HTTP Streaming API

The ZeebeeAI HTTP Streaming API allows you to receive AI responses in real-time through a server-sent events (SSE) stream. This enables your application to display responses progressively as they are generated, rather than waiting for the entire response to be completed.

Note: Server-Sent Events (SSE) is a technology where a browser receives automatic updates from a server via HTTP connection.
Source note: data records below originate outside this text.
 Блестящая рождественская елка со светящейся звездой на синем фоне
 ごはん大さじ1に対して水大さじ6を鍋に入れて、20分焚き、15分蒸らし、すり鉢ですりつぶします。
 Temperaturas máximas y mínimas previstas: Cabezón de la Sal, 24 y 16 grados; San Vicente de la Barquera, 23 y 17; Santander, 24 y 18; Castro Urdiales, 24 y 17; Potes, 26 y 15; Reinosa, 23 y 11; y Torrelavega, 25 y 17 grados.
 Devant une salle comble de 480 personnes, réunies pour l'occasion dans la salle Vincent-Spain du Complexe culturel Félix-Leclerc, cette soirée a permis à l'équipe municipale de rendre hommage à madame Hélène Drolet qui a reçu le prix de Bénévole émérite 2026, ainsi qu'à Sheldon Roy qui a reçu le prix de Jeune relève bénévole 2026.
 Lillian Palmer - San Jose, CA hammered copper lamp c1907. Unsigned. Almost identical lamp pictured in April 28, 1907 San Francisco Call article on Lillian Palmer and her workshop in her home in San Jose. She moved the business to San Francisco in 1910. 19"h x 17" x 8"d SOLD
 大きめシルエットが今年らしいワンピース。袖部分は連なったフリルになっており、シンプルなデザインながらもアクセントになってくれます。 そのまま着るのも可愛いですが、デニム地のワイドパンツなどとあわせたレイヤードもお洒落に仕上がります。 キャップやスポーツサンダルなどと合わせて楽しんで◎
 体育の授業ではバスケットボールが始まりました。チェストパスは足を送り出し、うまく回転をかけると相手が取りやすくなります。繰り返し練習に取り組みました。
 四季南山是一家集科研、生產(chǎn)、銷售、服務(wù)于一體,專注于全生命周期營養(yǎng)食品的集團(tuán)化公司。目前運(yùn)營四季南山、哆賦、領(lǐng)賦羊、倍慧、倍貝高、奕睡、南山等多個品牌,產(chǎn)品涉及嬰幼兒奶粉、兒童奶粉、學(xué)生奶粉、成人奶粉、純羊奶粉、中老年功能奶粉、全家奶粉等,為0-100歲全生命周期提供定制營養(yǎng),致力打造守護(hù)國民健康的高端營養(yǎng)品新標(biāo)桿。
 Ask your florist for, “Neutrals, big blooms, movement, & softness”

The connection is unidirectional; the server can send updates to the client, but the client cannot send messages to the server through this connection.

HTTP Streaming Endpoint

To make a streaming request, use the following endpoint:

POST https://api.zeebee.ai/v1/chat/completions/stream

Headers

Include the following headers in your request:

Header	Value	Description
`Content-Type`	`application/json`	Specifies that the request body is JSON
`Authorization`	`Bearer YOUR_API_KEY`	Your API key for authentication
`Accept`	`text/event-stream`	Indicates that you want to receive a stream of events

Request Body

The request body is the same as for non-streaming requests:

{
  "messages": [
    {
      "role": "system",
      "content": "You are a helpful assistant."
    },
    {
      "role": "user",
      "content": "Tell me about HTTP streaming."
    }
  ],
  "model": "gpt-4-turbo",
  "temperature": 0.7,
  "stream": true
}

Notice the stream: true parameter, which is required for streaming responses.

Response Format

The streaming response will be delivered as a series of server-sent events, where each event contains a chunk of the AI's response.

Event Structure

Each event in the stream follows this format:

data: {"id": "msg_123", "object": "chat.completion.chunk", "created": 1677825456, "model": "gpt-4-turbo", "choices": [{"delta": {"content": "Hello"}, "index": 0, "finish_reason": null}]}

data: {"id": "msg_123", "object": "chat.completion.chunk", "created": 1677825456, "model": "gpt-4-turbo", "choices": [{"delta": {"content": " world"}, "index": 0, "finish_reason": null}]}

data: {"id": "msg_123", "object": "chat.completion.chunk", "created": 1677825456, "model": "gpt-4-turbo", "choices": [{"delta": {"content": "!"}, "index": 0, "finish_reason": null}]}

data: {"id": "msg_123", "object": "chat.completion.chunk", "created": 1677825456, "model": "gpt-4-turbo", "choices": [{"delta": {}, "index": 0, "finish_reason": "stop"}]}

data: [DONE]

Understanding Streaming Responses

Each line starting with data: contains a JSON object with a piece of the response.
The delta field contains the new content being added to the response.
The finish_reason will be null until the response is complete.
The final event has an empty delta and finish_reason set to "stop".
The stream ends with data: [DONE].

Important: To reconstruct the complete message, concatenate all the delta.content values in order.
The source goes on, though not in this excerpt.